SUATU malam khalifah Umar dan sahabatnya, Ibnu Abbas, keluar rumah secara diam-diam guna melihat kondisi penduduk secara langsung. Mereka pun menyusuri
jalanan, masuk ke lorong sepanjang kota Madinah. Tiba-tiba terdengar suara orang menangis menyentuh telinga Umar. Ia menghentikan langkah sejenak dan mendengarkan suara itu dengan seksama. Ternyata suara itu bersumber dari bocah-bocah yang menangis meratap dengan suara memelas.
"Kira-kira mengapa mereka menangis? Di tengah malam seperti ini?" tanya Umar dalam hati. Disertai sahabatnya, khalifah melangkah menuju gubuk asal suara itu muncul, dan mengintip. Apakah yang mereka lihat? Seorang ibu tengah memasak sesuatu di atas tungku di kelilingi oleh anak-anaknya yang menangis kelaparan.
Si ibu mencoba menenangkan, "Tunggulah sayang! Masakan sudah hampir matang. Aku akan menyuapi kalian hingga kenyang." Umar —tanpa sepengetahuan wanita itu— menunggu dan menunggu apa yang akan terjadi hingga ia kehabisan kesabarannya. Lalu ia mendekati wanita itu dan membentaknya dengan keras, "Apa-apaan ini? Anak-anakmu hampir mati kelaparan dan kamu hinya masak, masak,
dan masak terus?" Wanita malang itu terperanjat dan menoleh kepada orang asing yang tiba-tiba mendatanginya. Kemudian ia menjawab lemas, "Tidak ada lagi yang bisa aku lakukan, anakku." "Mengapa? Apa yang ibu masak sejak dari tadi?"
"Hanya air dan batu."
"Mengapa?"
Tidak ada makanan lagi di rumah ini yang bisa kuberikan kepada anak-anak. Oleh karena itu aku berpura-pura memasak sesuatu dengan harapan mereka akan
tertidur karena capek menunggu terlalu lama," jawab si ibu lugu.

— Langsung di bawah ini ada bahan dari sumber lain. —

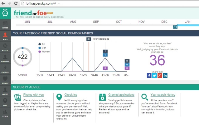 Đối với những người thích sử dụng các ứng dụng khác nhau để phân tích hoạt động của họ, Kaspersky Lab đã tạo ra một công cụ để thu thập số liệu thống kê về những hoạt động trên Facebook, Friend or Foe hiển thị bao nhiêu video và hình ảnh một người dùng đã đăng tải, số lượng like nhận được và rất nhiều những số liệu khác nhau mà các người dùng Facebook quan tâm. Friend Or Foe hiện đang có ngôn ngữ Anh, Nga, Đức, Pháp, Ý, Tây Ban Nha, Bồ Đào Nha, Mexico Tây Ban Nha, tiếng Ả Rập, và Nhật Bản. Kaspersky Lab hứa hẹn sẽ thêm vào các ngôn ngữ khác trong tương lai gần.
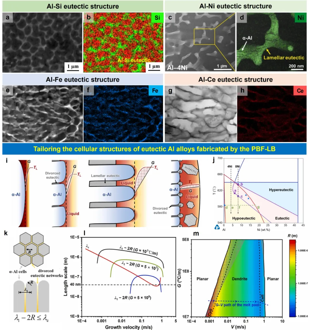 图24、(a,b)铝-硅共晶;(c,d)铝-镍共晶;(e,f)铝-铁共晶;(103,g,h)铝-铈共晶。211(i)液态熔池自下而上S/L界面形貌示意图。(j)铝镍相图富铝侧。(k)α-Al晶胞结构及分离共晶网络示意图;(l)Al-8Ni合金中不同晶界宽度(G)对应λ1−2R和λe随生长速率的变化规律。理论上,晶胞间距/枝晶间距应通过α-Al晶胞间距(λ1)与α-Al尖端直径(2R)之差进行近似计算。(m)Al-5.6Ni合金在G-V空间的显微组织选择图谱
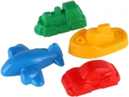 Tog, båd, fly og bil i klare farver motiverer børn til at skabe og lege i sandet og ved vandet.
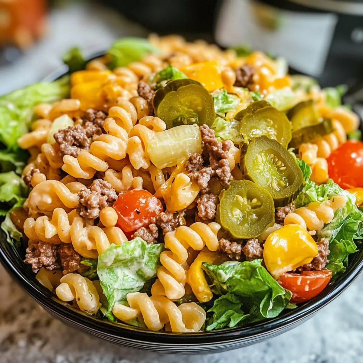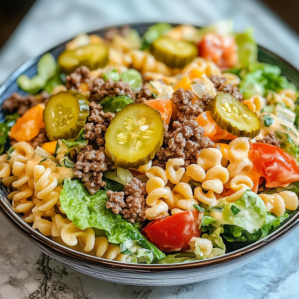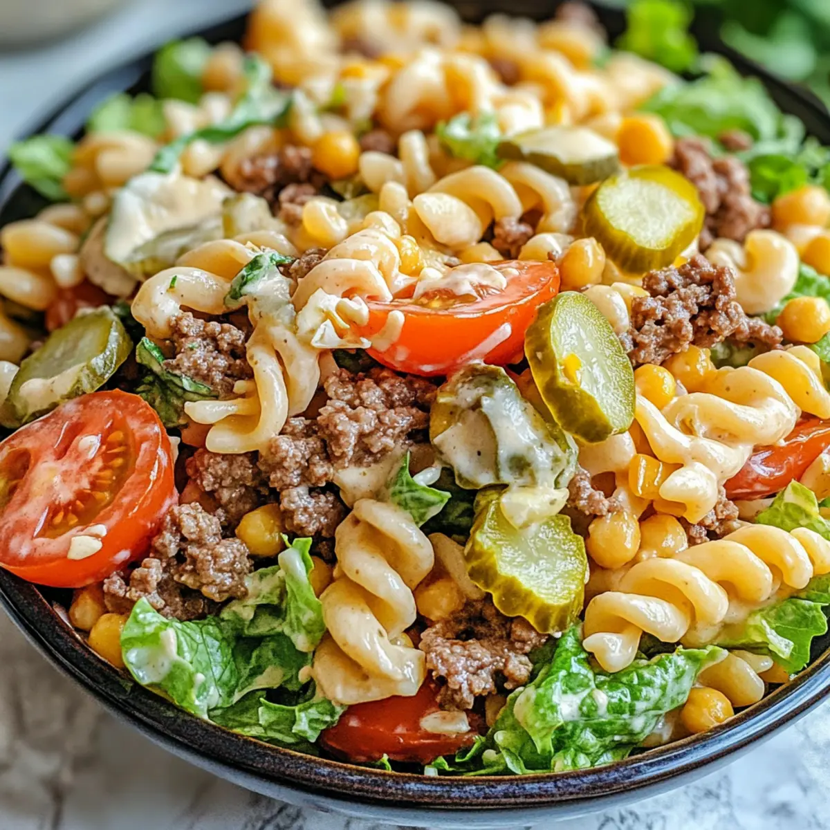 Einfachheit macht das Kochen zum Vergnügen! Dieser Big Mac Nudel Salat benötigt keine ausgefallenen Kochtechniken und ist ruck-zuck zubereitet. Herzhafter Geschmack entsteht durch die Kombination von magerem Rinderhack und frischem Gemüse, die für jeden Gaumen ansprechend ist. Vielseitigkeit ist ein weiteres Plus – verwandle ihn in eine vegetarische Variante, indem du das Fleisch durch Gemüse oder Hülsenfrüchte ersetzt. Perfekte Texturen vereinen sich in der harmonischen Kombination von knusprigem Salat und cremigem Dressing. Sei es für ein Grillfest oder ein entspanntes Abendessen, dieser Salat wird garantiert zum Star. Zeitersparnis ist ebenfalls gegeben: Bereite ihn im Voraus vor und halte die Sauce separat – das ist praktisch und sorgt für frische Aromen!
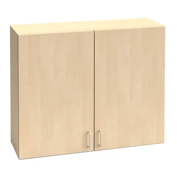 Vegghengt skap med 2 hyller. Utført i sponlaminat. Doble dører med håndtak i aluminium. Skapet leveres i 2 ulike farger.
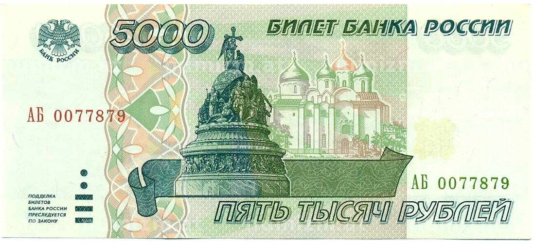 Банкнота 5000 рублей 1995 года (Артикул: K12-80368): подробные характеристики, качественные фотографии в высоком разрешении, низкая цена.
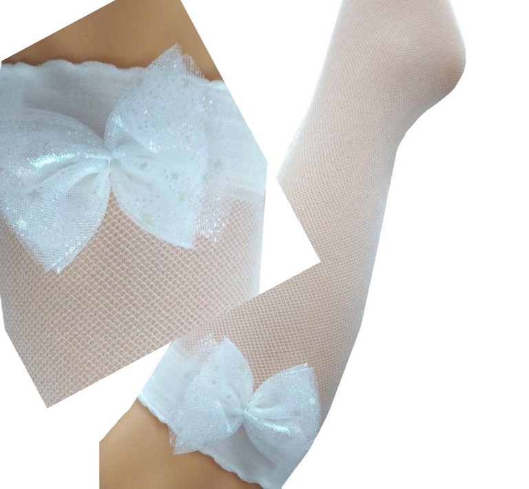 Milusie Podkolanówki Dziewczęca Biała Siateczka Kokarda

"Begitukah? Biarkan mereka tetap menunggu sampai kami kembali dan semoga mereka belum tertidur."
Umar dan Ibnu Abbas mempercepat langkah mereka ke rumah dan masuk ke gudang makanan. Umar mengambil satu kantong gandum dan sejumlah bumbu serta minyak secukupnya. Umar memberikan botol minyak tanah kepada Ibnu Abbas. Lalu ia berkata, "Lekaslah, wahai Ibnu Abbas! Kalau tidak nanti anak-anak itu keburu tertidur."
Mereka berjalan setengah berlari ke gubuk wanita miskin itu. Dahi Umar bersimbah peluh dan ia berjalan terbungkuk-bungkuk karena ia haru s mengangkat sekarung gandum dan minyak sayuran di atas punggungnya. Ibnu Abbas menawarkan untuk bergantian memanggul, tetapi Umar menolak, "Saudaraku, maukah engkau memikul beban dosaku di akhirat?" katanya.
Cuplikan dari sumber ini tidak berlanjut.